### Task:
Leaving out the pictures, print exactly the lines from the one holding "河北省南宫中学2011-2012学年高二11月月考(数学理)(无答案)" to the last line of the entries below, both included, and nothing more.

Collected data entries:
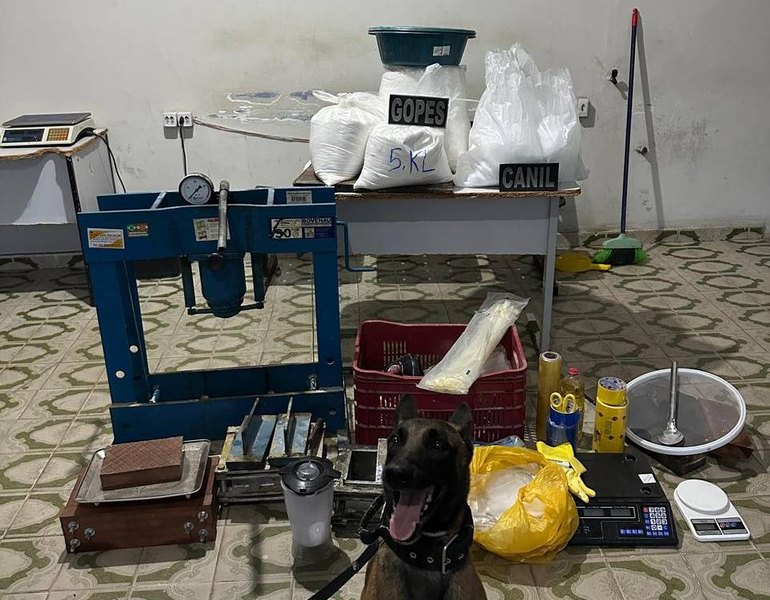 No interior da residência, foram apreendidos cerca de 51 quilos de substância análoga à cocaína, além de prensas hidráulica e manuais, balanças industriais e de precisão, utensílios usados no refino, embalagens, ferramentas e um aparelho celular, configurando um esquema estruturado de processamento de entorpecentes.
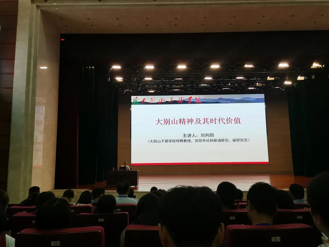 第一报告厅,聆听了大别山精神及其时代价值报告会,报告会由信阳市社科联刘向阳副研究员主讲。他以历史为线,阐述了大别山精神产生的过程,充分阐释了大别山精神的内涵,用具体事例和具体数字展现了可歌可泣的英雄的大别山军民铸就的大别山精神。
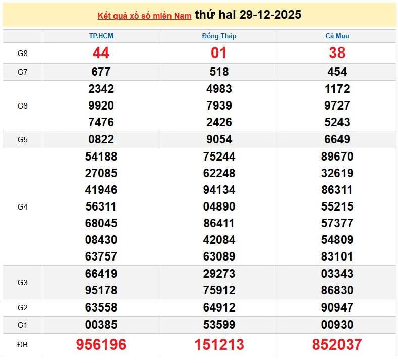 XSMN 29/12, KQXSMN 29/12. Xem lại kết quả xổ số miền Nam ngày 29/12/2025
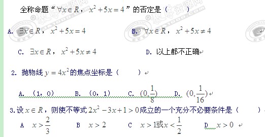 河北省南宫中学2011-2012学年高二11月月考(数学理)(无答案)
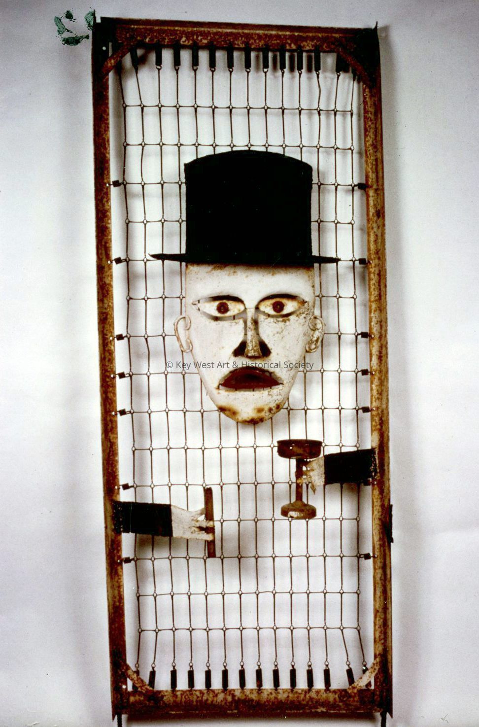 Freestanding sculpture by Stanley Papio depicting the face and hands of W.C. Fields wearing a black hat while holding a cigar and cocktail glass. Composed of sheet metal mounted to a bed spring.
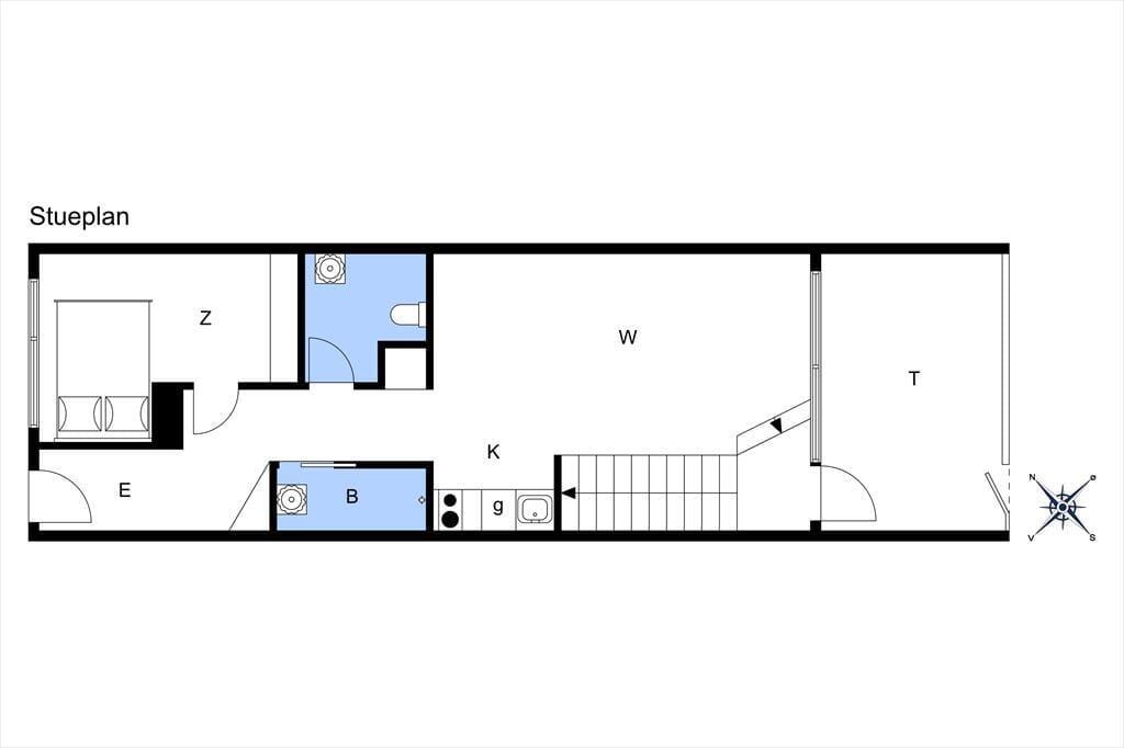 Lejligheden er beliggende i 'Tranum Klitgaard' og fremstår i flot og velholdt stand. Der er en lys og indbydende stemning i boligen, som er indrettet i en charmerende nordisk stil med smukke gulvfliser og hvidmalede murstensvægge. I ferieboligens stueplan er der et sammenhængende opholdsmiljø med stue i åben forbindelse med et nyt og veludstyret køkken med bl.a. opvaskemaskine. Her kan man lave mad og samtidigt være med i snakken ved spisebordet. Her er desuden et soveværelse med dobbeltseng samt et badeværelse, mens der på førstesalen er yderligere et rummeligt soveværelse.

### Exercise result:
 河北省南宫中学2011-2012学年高二11月月考(数学理)(无答案)
 Freestanding sculpture by Stanley Papio depicting the face and hands of W.C. Fields wearing a black hat while holding a cigar and cocktail glass. Composed of sheet metal mounted to a bed spring.
 Lejligheden er beliggende i 'Tranum Klitgaard' og fremstår i flot og velholdt stand. Der er en lys og indbydende stemning i boligen, som er indrettet i en charmerende nordisk stil med smukke gulvfliser og hvidmalede murstensvægge. I ferieboligens stueplan er der et sammenhængende opholdsmiljø med stue i åben forbindelse med et nyt og veludstyret køkken med bl.a. opvaskemaskine. Her kan man lave mad og samtidigt være med i snakken ved spisebordet. Her er desuden et soveværelse med dobbeltseng samt et badeværelse, mens der på førstesalen er yderligere et rummeligt soveværelse.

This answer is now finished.